In other words, are you in favor of banning violent movies and video games that glorify the use of firearms to children?
The Second Amendment guarantees your right to own a musket. We can all be for that, right?
doh, copy and paste fail, but its just a line by line retort. enjoy.
Thank you Donald for your lucid argument on the Second Amendment. We have the “well-regulated militia” clearly meant by this language. It’s called the National Guard. They supply weapons. Guardsmen no longer need to supply their own.
What, no mention of her CCW? The gun in her purse after the Milk/Moscone murders, or when she was the target of a terrorist group in the 80’s?
If her bill passes, it would mean that everyone who has legally owned certain types of weapons would now have to register them, get fingerprinted AND pay a heafty tax on each item which has been owned for years, LEGALLY. There is No consideration to those of us with prior military and law enforcement experience with proper training. Taking away my rights and charging me money on items I have owned for years due to her political agenda. The careless deviant behavior of the few will now cost me rights and money for her personal political agenda. This is getting way out of hand. She wants to make it difficult if not impossible for the criminal element to get guns…..the same way our current laws have done so well with cocaine, heroine, pcp, meth, etc. I do not see her doing anything to outlaw alcohol which is responsible for more deaths every year then guns, drugs, knives, and suicide, combined, every year! Seriously?
i here by oppose the assault rifle ban for law abiding citizens
First, many of the proposals do exactly that–limit firearm ownership only to law-abiding citizens.

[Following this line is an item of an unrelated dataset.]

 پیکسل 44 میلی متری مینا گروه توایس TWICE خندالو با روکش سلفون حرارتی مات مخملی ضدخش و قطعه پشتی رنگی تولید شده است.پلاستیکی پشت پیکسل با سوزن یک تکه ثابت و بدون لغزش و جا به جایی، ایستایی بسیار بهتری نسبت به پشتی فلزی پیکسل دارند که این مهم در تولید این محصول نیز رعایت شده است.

Second, many of the most recent shooters had no trouble with the law until they became mass murderers.
Third, the mother of the Sandy Hook shooter was a law-abiding citizen who owned her guns legally. Unfortunately, as is too often the case, the weapons she bought for protection were turned against her and actually lead to her death.

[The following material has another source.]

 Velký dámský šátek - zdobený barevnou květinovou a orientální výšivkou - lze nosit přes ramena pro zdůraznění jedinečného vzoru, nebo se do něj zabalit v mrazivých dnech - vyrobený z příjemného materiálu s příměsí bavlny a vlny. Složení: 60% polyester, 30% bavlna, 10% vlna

Finally, why do you need an assault rifle? Are you such a poor shot that you can’t bring down an intruder or the wild game of your choice with a standard magazine? If so, a larger magazine in a gun that shoots faster would only make you more of a danger to yourself and others. You want a gun, fine. Why shouldn’t you have to prove you are a responsible owner, have a license for it, and know how to use it, just as you do with your car? And, if you demand military weapons, do you also want a tank? An RPG? Guided missiles? Armed drones? Where do your demands stop? And where do my rights to live safely in the same state start? I hereby demand my right to go out in public without having to worry about being shot by some dingbat with an assault rifle.